JOHN G. HEIMANN Superintendent, Banking Department
THOMAS A. HARNETT Superintendent, Department of Insurance
Banking Law, §§ 250, 400, and 472-a authorize savings banks, savings and loan associations and credit unions, respectively, to retire employees under the following circumstances:
a. those who have served for a period of 30 or more years;
b. those who have served for 10 years or more and have become incapacitated; or
c. those who have served 20 years or more and have attained the age of 60 years.
The benefits payable to such persons are limited by those sections of law. They may not exceed the product of 2% of the average yearly salary for the three years immediately preceding the retirement times the number of years of service. There is also an overall maximum of 60% of the average yearly salary.
These sections also permit a banking institution to enter into a contract with a corporation or trust authorized to transact business under Insurance Law, § 200, for the payment of either the aforementioned type of benefits or for a variable pension; but said banking institutions may not contribute or pay to such corporation or trust a sum which would exceed that required under the Banking Law for the aforementioned fixed retirement benefits.
Insurance Law, § 200, permits the incorporation of non-profit corporations or trusts for the general purposes of providing pensions to retirees which pensions may be in a fixed amount or be variable dependent on the income from funds invested.
ERISA, § 514(a) provides that it shall supersede any state laws for employees benefit plans except as provided in subdivision b of that same section.

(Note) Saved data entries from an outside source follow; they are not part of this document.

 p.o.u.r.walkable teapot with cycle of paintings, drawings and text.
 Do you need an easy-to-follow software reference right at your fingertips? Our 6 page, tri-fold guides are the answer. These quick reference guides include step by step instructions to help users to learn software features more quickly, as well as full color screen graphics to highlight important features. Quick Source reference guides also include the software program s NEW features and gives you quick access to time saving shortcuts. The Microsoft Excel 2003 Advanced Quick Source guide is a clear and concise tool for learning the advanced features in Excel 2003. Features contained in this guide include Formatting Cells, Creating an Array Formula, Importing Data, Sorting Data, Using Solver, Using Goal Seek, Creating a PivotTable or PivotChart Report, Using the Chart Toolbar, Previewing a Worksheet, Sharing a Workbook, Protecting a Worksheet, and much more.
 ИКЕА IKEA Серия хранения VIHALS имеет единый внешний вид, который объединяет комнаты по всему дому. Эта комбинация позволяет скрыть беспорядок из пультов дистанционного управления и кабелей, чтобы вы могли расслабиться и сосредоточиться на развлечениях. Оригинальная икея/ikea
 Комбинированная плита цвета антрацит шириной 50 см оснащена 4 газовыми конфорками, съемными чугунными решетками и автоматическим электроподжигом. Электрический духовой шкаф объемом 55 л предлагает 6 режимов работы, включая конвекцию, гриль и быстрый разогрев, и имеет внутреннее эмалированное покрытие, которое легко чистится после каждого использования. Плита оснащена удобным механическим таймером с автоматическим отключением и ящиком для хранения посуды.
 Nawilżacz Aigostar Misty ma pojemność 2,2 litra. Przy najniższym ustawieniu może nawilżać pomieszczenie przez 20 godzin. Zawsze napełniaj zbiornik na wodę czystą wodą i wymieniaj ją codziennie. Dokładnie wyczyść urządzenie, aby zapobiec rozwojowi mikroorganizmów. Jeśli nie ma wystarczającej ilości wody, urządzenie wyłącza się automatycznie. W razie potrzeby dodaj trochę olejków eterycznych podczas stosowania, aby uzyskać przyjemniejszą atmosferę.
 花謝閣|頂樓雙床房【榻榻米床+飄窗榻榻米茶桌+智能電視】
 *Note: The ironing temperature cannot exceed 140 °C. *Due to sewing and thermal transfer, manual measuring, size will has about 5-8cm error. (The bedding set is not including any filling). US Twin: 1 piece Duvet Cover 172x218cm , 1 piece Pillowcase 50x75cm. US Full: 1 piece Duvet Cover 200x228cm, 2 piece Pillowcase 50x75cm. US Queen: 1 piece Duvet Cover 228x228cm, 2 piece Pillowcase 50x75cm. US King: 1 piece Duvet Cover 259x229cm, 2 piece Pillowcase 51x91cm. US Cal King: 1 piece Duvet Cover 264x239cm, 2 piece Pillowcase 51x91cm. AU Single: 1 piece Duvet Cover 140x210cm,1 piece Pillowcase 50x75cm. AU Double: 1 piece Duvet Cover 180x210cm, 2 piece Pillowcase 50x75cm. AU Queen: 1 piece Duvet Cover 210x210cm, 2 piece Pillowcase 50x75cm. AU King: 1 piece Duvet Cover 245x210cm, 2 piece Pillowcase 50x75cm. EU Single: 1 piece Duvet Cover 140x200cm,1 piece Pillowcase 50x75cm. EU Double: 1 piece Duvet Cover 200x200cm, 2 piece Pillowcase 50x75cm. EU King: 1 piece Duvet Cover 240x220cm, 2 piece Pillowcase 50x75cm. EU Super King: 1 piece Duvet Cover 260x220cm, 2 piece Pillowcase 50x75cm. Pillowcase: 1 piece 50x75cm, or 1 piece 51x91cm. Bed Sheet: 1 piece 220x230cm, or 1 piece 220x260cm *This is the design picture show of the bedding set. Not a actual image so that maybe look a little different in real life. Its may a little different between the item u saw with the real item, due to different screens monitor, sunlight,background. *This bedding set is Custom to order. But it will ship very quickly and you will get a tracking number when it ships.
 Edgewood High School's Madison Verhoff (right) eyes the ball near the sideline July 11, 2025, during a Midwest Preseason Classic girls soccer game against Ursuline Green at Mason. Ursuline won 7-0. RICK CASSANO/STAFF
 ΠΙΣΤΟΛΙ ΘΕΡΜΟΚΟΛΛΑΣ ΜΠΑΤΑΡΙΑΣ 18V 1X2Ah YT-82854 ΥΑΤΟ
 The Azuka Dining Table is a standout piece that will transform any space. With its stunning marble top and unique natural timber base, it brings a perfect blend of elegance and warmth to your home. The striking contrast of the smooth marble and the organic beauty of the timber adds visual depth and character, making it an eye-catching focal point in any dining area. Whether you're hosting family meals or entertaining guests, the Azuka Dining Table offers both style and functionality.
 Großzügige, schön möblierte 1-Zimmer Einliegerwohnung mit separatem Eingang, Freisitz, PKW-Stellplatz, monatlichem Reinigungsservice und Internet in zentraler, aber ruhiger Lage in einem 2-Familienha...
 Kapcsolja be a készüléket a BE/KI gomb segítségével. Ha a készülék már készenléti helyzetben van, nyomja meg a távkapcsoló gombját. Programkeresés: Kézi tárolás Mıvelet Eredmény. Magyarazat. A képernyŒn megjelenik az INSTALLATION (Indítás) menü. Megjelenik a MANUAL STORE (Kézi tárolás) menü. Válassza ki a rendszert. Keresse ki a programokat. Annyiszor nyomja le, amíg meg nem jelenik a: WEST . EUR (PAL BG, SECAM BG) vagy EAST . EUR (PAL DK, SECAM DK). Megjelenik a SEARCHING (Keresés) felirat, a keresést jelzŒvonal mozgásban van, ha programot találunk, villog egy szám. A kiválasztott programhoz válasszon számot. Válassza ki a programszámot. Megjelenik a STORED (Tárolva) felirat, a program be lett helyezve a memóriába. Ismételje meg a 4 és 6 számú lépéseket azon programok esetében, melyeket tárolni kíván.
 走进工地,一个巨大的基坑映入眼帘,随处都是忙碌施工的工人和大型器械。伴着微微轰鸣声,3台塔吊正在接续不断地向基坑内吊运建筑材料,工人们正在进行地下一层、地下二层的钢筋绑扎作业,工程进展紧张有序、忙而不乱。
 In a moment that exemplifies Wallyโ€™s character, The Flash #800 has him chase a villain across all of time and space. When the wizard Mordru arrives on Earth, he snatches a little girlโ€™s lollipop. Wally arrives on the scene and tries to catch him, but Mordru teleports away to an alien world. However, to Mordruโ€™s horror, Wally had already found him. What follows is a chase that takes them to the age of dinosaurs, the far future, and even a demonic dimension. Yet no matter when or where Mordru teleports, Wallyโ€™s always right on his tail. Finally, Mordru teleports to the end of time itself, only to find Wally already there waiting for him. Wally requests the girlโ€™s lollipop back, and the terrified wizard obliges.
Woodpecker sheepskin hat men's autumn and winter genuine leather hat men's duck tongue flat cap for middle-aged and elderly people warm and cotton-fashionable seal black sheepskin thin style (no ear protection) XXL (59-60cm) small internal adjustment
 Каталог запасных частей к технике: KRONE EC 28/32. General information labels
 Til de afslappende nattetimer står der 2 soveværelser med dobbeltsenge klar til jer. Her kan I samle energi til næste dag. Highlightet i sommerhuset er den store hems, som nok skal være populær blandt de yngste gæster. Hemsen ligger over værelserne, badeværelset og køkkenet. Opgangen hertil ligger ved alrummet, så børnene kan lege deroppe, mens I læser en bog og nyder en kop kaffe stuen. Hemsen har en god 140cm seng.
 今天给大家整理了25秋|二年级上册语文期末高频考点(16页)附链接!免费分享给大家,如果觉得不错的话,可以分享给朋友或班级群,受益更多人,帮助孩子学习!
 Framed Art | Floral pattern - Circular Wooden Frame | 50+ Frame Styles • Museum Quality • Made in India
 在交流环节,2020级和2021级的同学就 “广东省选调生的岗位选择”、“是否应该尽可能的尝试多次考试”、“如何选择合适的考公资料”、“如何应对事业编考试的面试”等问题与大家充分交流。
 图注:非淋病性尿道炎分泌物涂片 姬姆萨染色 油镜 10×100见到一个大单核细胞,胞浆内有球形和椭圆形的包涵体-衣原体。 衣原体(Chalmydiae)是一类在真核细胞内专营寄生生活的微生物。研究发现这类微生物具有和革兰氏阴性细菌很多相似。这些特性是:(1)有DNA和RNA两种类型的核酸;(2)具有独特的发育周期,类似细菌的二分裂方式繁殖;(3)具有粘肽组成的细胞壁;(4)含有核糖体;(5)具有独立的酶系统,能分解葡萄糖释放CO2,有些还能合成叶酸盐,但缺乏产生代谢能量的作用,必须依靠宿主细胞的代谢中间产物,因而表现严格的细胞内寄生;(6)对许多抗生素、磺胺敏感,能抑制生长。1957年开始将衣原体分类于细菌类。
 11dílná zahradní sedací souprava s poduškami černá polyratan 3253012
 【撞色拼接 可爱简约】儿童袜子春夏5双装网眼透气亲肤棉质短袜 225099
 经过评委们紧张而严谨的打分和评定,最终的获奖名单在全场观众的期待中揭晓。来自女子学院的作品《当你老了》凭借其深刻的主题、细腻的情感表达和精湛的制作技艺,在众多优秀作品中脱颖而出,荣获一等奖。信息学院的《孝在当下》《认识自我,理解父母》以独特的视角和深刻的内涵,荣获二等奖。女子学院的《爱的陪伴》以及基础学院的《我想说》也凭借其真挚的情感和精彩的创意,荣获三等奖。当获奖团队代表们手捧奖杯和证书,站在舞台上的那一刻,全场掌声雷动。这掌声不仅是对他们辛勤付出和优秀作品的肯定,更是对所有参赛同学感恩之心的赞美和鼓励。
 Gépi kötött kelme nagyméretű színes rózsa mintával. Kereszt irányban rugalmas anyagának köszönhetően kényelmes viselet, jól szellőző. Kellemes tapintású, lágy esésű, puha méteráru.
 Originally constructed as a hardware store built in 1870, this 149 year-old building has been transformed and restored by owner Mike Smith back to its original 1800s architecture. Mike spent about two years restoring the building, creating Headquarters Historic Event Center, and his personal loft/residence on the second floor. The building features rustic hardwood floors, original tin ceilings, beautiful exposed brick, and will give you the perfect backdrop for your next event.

Section b, in part states:
"* * * nothing in this title shall be construed to exempt or relieve any person from any law of any state which regulates insurance, banking, or securities." (Emphasis supplied.)
The aforementioned Banking Law sections serve a dual purpose. The first is a regulation limiting the amount of pension that could be granted by a bank to favored officers and employees, which limitation was intended to correct abuses resulting from excessive or imprudent acts by banking institutions with respect to the grant of retirement benefits to favored personnel at the expense of the depositors or shareholders of the banking institutions.
The second purpose of these sections is to make possible the granting of pensions to officers and employees of banking institutions and to protect the employees from default by the institutions.
The purpose of the upper limitation of pensions in the Banking Law sections heretofore referred to is regulative of banking institutions and, therefore, included in the excepted group in section 514(b) ERISA. These provisions, therefore, have not been preempted by ERISA.
Those provisions or portions of provisions of the Banking Law whose purpose is the protection of the retiree are within the scope of ERISA and have been preempted by the enactment of the Federal law.
Since there are a variety of separate provisions in these sections and, in most cases, factual background would be necessary to determine whether those provisions are regulatory in nature or have been preempted, it would be necessary to consider each provision separately. Specific necessary facts are not available to me and those provisions are not, therefore, passed upon in this office.